Similarly, we can write ${{x}^{2}}+2i$ as ${{x}^{2}}+2i={{x}^{2}}-\left( -2i \right)={{x}^{2}}-{{\left( \sqrt{-2i} \right)}^{2}}$.
We can further simplify to write it as ${{x}^{2}}+2i={{x}^{2}}-{{\left( \sqrt{-2i} \right)}^{2}}=\left( x+i\sqrt{2i} \right)\left( x-i\sqrt{2i} \right).....\left( 3 \right)$.
Substituting equation (2) and (3) in equation (1), we have ${{x}^{4}}+4=\left( {{x}^{2}}-2i \right)\left( {{x}^{2}}+2i \right)=\left( x+\sqrt{2i} \right)\left( x-\sqrt{2i} \right)\left( x+i\sqrt{2i} \right)\left( x-i\sqrt{2i} \right)$.
So, we have ${{x}^{4}}+4=\left( x+\sqrt{2i} \right)\left( x-\sqrt{2i} \right)\left( x+{{i}^{\dfrac{3}{2}}}\sqrt{2} \right)\left( x-{{i}^{\dfrac{3}{2}}}\sqrt{2} \right)=0$.
Thus, we have $x=-\sqrt{2i},\sqrt{2i},{{i}^{\dfrac{3}{2}}}\sqrt{2},-{{i}^{\dfrac{3}{2}}}\sqrt{2}$.
Hence, the roots of the equation ${{x}^{4}}+4=0$ are $x=-\sqrt{2i},\sqrt{2i},{{i}^{\dfrac{3}{2}}}\sqrt{2},-{{i}^{\dfrac{3}{2}}}\sqrt{2}$.

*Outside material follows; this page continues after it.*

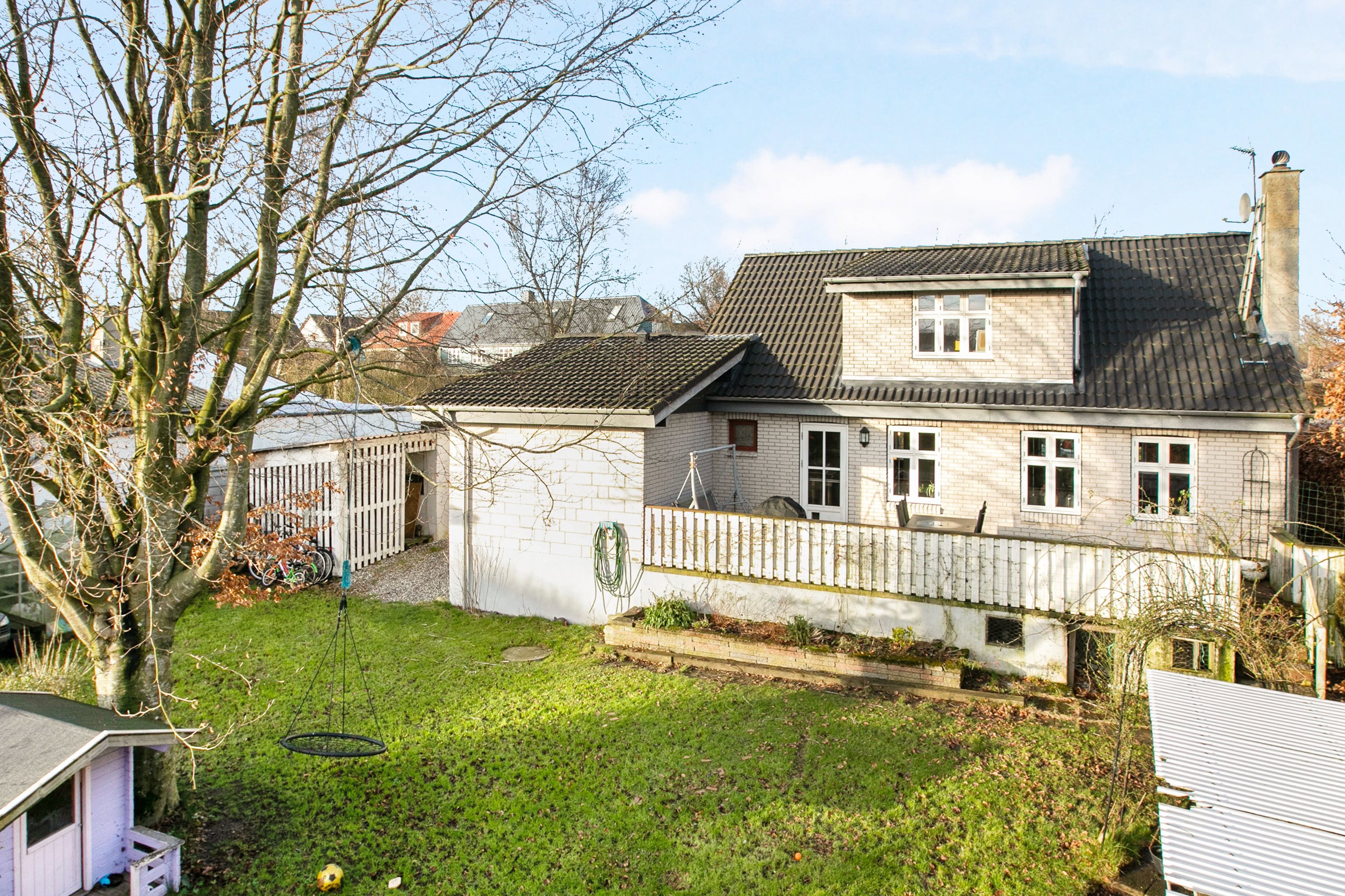 Huset ligger godt tilbagetrukket fra vejen, og fra adressen er der få skridt til både børnehave og sport- og fritids aktiviteter.

Note :To check if the calculated roots are correct or not, we can substitute the value of roots in the equation and check if they satisfy the given equation or not. We can also solve this equation by factorizing the given equation using splitting the middle term or completing the square method.